Published: 3 October 2012

Country: Canada

canada_romaCanada’s reputation for tolerance has been put under pressure in recent days following a bigoted and outspoken television attack on the country’s Roma community.

In a broadcast on the Sun News Network in September Ezra Levant, a conservative pundit, made a pointed attack on Roma saying: “They’re gypsies. And one of the central characteristics of that culture is that their chief economy is theft and begging.”

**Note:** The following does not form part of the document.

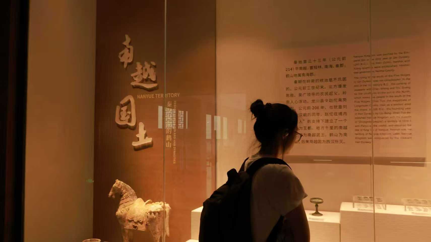 活动期间,服务队还走进鹤山市博物馆,开展文化调研。从新石器时代的石器陶器,到明清时期的农耕器具、侨批文献,队员们通过一件件展品,深入了解鹤山的历史底蕴和人文精神。在“古劳水乡”复原场景前,队员们感叹道:“水乡文化不仅是鹤山的独特符号,更蕴含着人与自然和谐共生的智慧。”此次文化之旅,不仅拓宽了队员们的视野,也让他们更加坚定——环保事业需要扎根于地方文化,才能焕发持久生命力。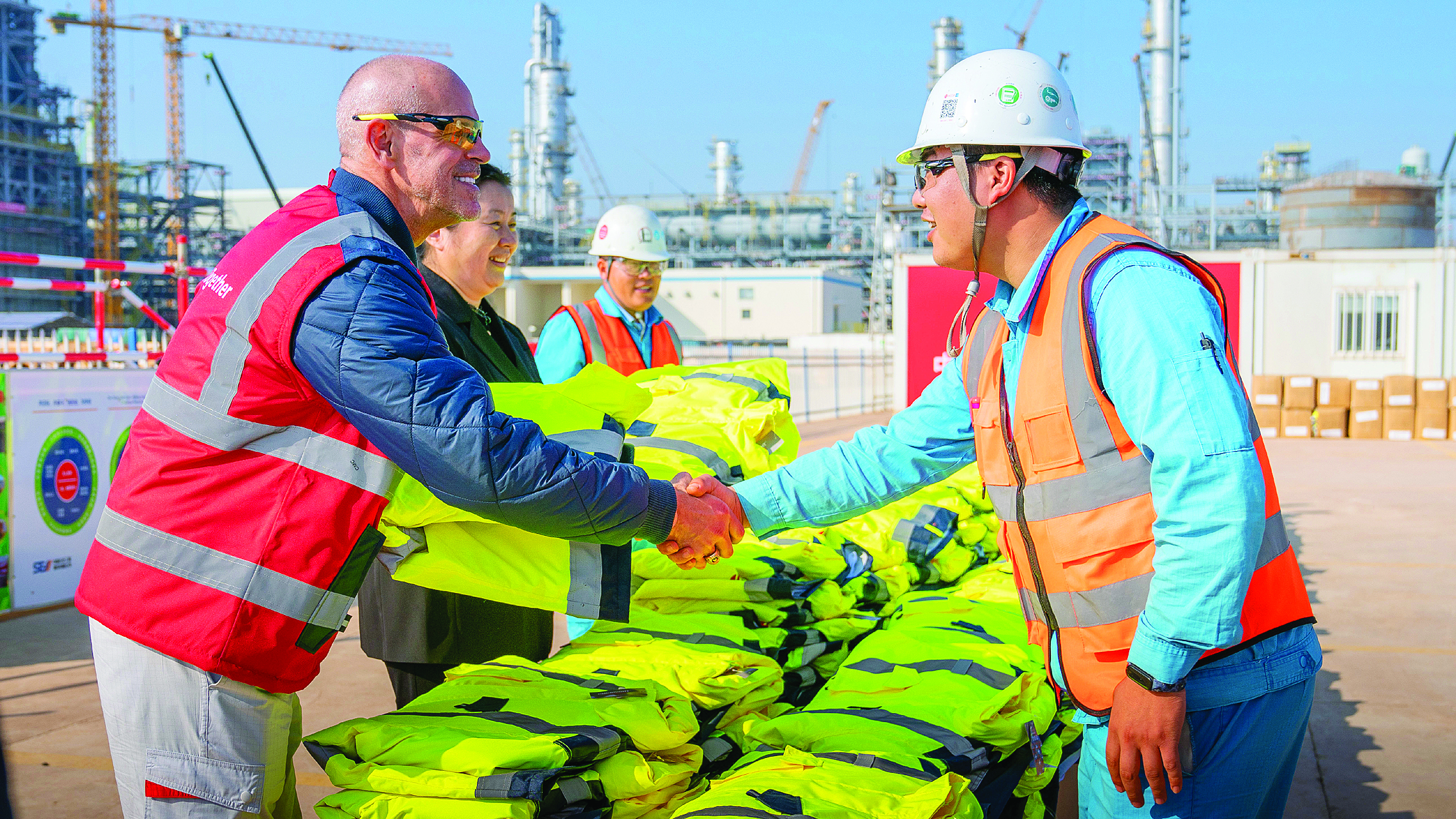 在裝置區(qū)的圍欄上,橫幅上“祝賀?松梨诨葜菀蚁╉椖窟_成4000萬安全人工時里程碑”的標語振奮人心。這一里程碑意味著,該項目自開工建設(shè)以來未發(fā)生任何損失安全人工時事件。1月4日上午,?松梨冢ɑ葜荩┗び邢薰荆ㄒ韵潞喎Q“?松梨凇保┡e辦4000萬安全人工時表彰活動,埃克森美孚全球項目公司項目執(zhí)行總監(jiān)傅維仕先生及管理層到施工現(xiàn)場為工人派送春節(jié)保暖大衣,感謝每位施工作業(yè)人員對安全建設(shè)作出的重要貢獻。

His intolerance drew a sharp response from other media and some community leaders. The former president of the Canadian Jewish Congress, Bernie Farber, wrote in the National Post: “If the Sun News Network had aired an attack on Jews, the whole country would be outraged. Yet we have seen little support for the Roma from other faith and ethno-cultural groups, politicians and community leaders in the wake of Levant’s on-air rant. Even the media has remained mysteriously silent”.

 

Another angry observer is Gina Csanyi-Robah, the executive director of Toronto’s Roma Community Centre, who has made formal complaints to the Canadian Radio-television and Telecommunications Commission and the Canadian Broadcast Standards Council.

The Sun News Network responded to the criticism and published an apology as well as restricting broadcast of the video of Levant’s show in which he also compared Roma with “swindlers”.

In his outburst he said: “The phrase gypsy and cheater have been so interchangeable historically that the word has entered the English language as a verb: he gypped me. Well the gypsies have gypped us. Too many have come here as false refugees. And they come here to gyp us again and rob us blind as they have done in Europe for centuries.”

It’s not surprising that Levant is often compared to the right-wing TV network Fox in US.

The Toronto-based newspaper The Star took up the case and warned in an editorial that this is not “just an isolated eruption of ignorance and xenophobia.” It highlighted growing concern over the discrimination against the Roma community in Canada. These sort of attacks “are becoming all too common, and they increasingly come from public officials,” said the newspaper.

It also pointed out that Minister of Citizenship and Immigration Jason Kenney “never misses an opportunity to rail against what he calls “bogus” refugee claimants from Hungary — the vast majority of whom are Roma — who, in his view, come to Canada to take advantage of generous welfare and health-care programs”.

The newspaper says that last month that Canada Border Services Agency allegedly recommended that Roma refugee claimants be detained while their claims are being processed.

“If this is so,” it says, “it represents a Canadian government agency suggesting that civil liberties be distributed along ethnic lines.”

In the recent years there has been an increase in number of Roma who are migrating from European countries, mostly from Hungary, and seeking an asylum in Canada.

Bernie Farber in the National Post provided more useful background and context.  Defending the Roma community in Canada, he said that they are a small group, numbering roughly 80,000.

“Some families have been living here since the early 20th century. These families, which still speak the native Romani language and share a culture dating back to the eastern and central Europe of the 16th century, are now into fifth and sixth generations,” he said.

And others have come to Canada to flee more recent persecution. “Many more Roma came to Canada during the Hungarian Revolution in 1956; and numerous others have arrived in the last two decades to escape vicious and violent attacks from neo-Nazi groups in Hungary and the Czech Republic”, he wrote.